Joel Thurm, who served as Aaron Spelling's casting director during the late megaproducer's "Fantasy Island" and "Love Boat" period, says high-def television shouldn't shoulder all the blame. As networks have grown more corporatized -- and as intense competition and rising costs have pinched profitability -- they have come to rely more heavily on "name" actors and actresses to lessen the risk of launching new shows.

"They used to take more of a chance on casting and if you made one or even two mistakes it wasn't the end of the world," he says. "It's drastically different now. The heads of drama and comedy at the networks are trying so hard to protect themselves that they want people with proven track records. Well, guess what: A lot of those folks have had a little work."

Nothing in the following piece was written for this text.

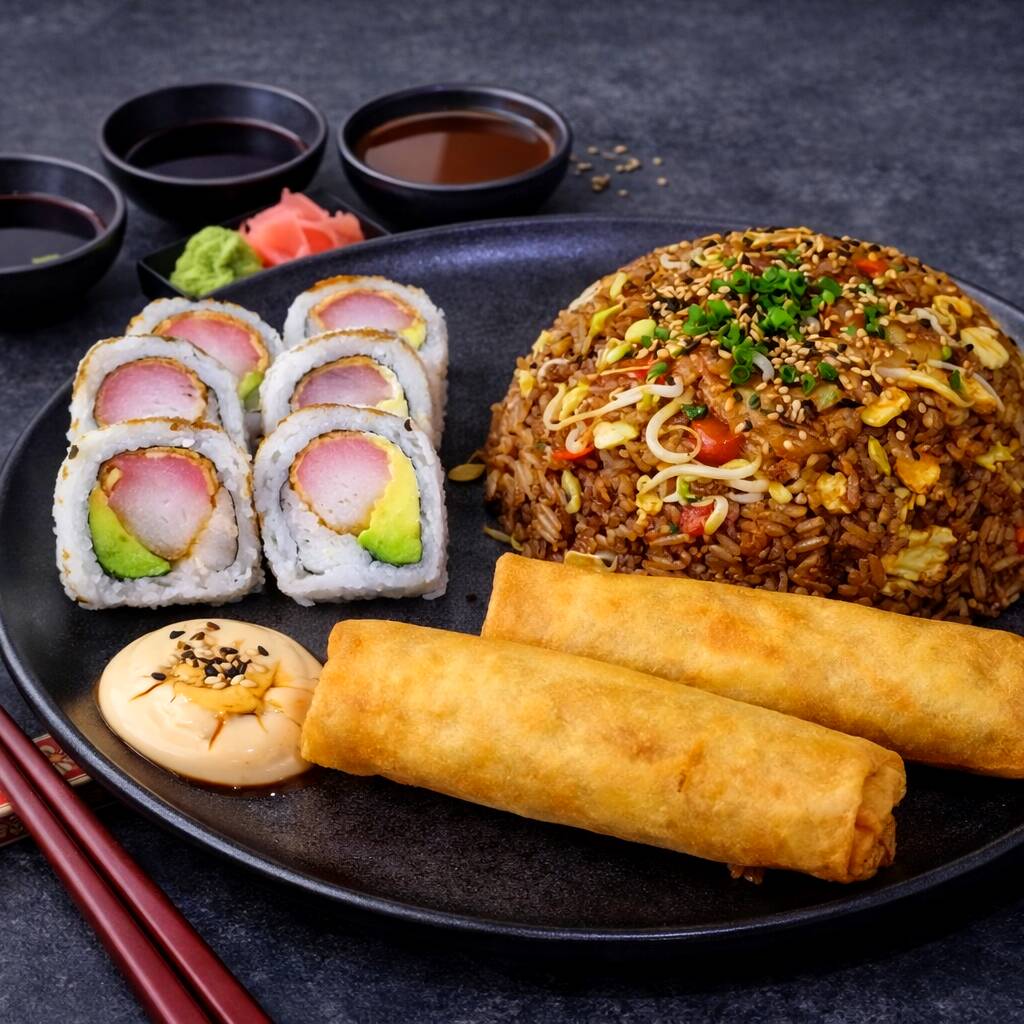 arroz de camarón salteado al wok, 6 piezas de Kioto roll y 2 spring rolls. Incluye salsa y acompañamientos.

The shortage of "stars with no scars" has contributed to the increasing globalization of television casting. In years past, the major studios say they only went searching overseas as a final resort. Now the likes of CBS-Paramount Television and ABC Television Studio often scout internationally. NBC plucked a British star for the leading role in its high-profile "Bionic Woman" pilot; ditto for ABC and "Pushing Daisies," a drama about people who come back to life.

Network and studio executives say television is already suffering from a plastic surgery hangover in one important genre: comedy. Successful sitcoms, including "Old Christine," typically feature actors and actresses who use a heavy arsenal of facial expressions. Failed comedies -- for example, "Hope & Faith," "Listen Up" and "20 Good Years" -- often feature performers that border on cardboard caricatures. "Frozen isn't funny," says Mr. Thurm.

Some comedy stars have joined executives in sounding an alarm. Delta Burke, famous from 1986's "Designing Women" and a star of ABC's "Boston Legal," says she's trying to cut back on Botox. "When I'm watching myself I'm not moving," the 50-year-old star told a TV magazine last month. And "Desperate Housewives" star Teri Hatcher, 42, recently told Oprah Winfrey that she stopped using Botox "more than a couple years ago," adding, "I would hate to blame any bad acting on whatever was shot in my face."

Not All Natural

Despite the pleas for restraint, nobody is expecting the problem to go away, especially with a thicket of cable networks ready to hire just about anyone. Oxygen, working hard to plump up its ratings, last year gave collagen-friendly fashionista Janice Dickinson her own modeling reality show. In a promo for "The Janice Dickinson Modeling Agency" Oxygen boasted that the former model has "one of the most recognizable faces in Hollywood." It politely left out why, although Ms. Dickinson herself has been candid about her use of cosmetic procedures.

And what's considered too much plastic surgery by one network can be just fine at another. Two major casting directors say they recently considered Melanie Griffith, famous for 1988's "Working Girl," for TV projects but ultimately deemed her "uncastable" due to her extra-plump lips and rigid-looking upper face.

Still, CBS just hired Ms. Griffith, 49, for a role in one of the most buzzed about new pilots of the year, a musical drama called "Viva Laughlin" that's based on a similar British series and co-produced by Hugh Jackman. Representatives for the two companies declined to comment, and a spokeswoman for Ms. Griffith didn't return calls.

Perhaps CBS is counting on reviews similar to one she got last season for her work on the failed WB sitcom "Twins." Wrote critic Joel Rubinoff: "Melanie Griffith -- virtually unrecognizable after plastic surgery, Botox, you name it -- is lovably vacant as the ditzy mom."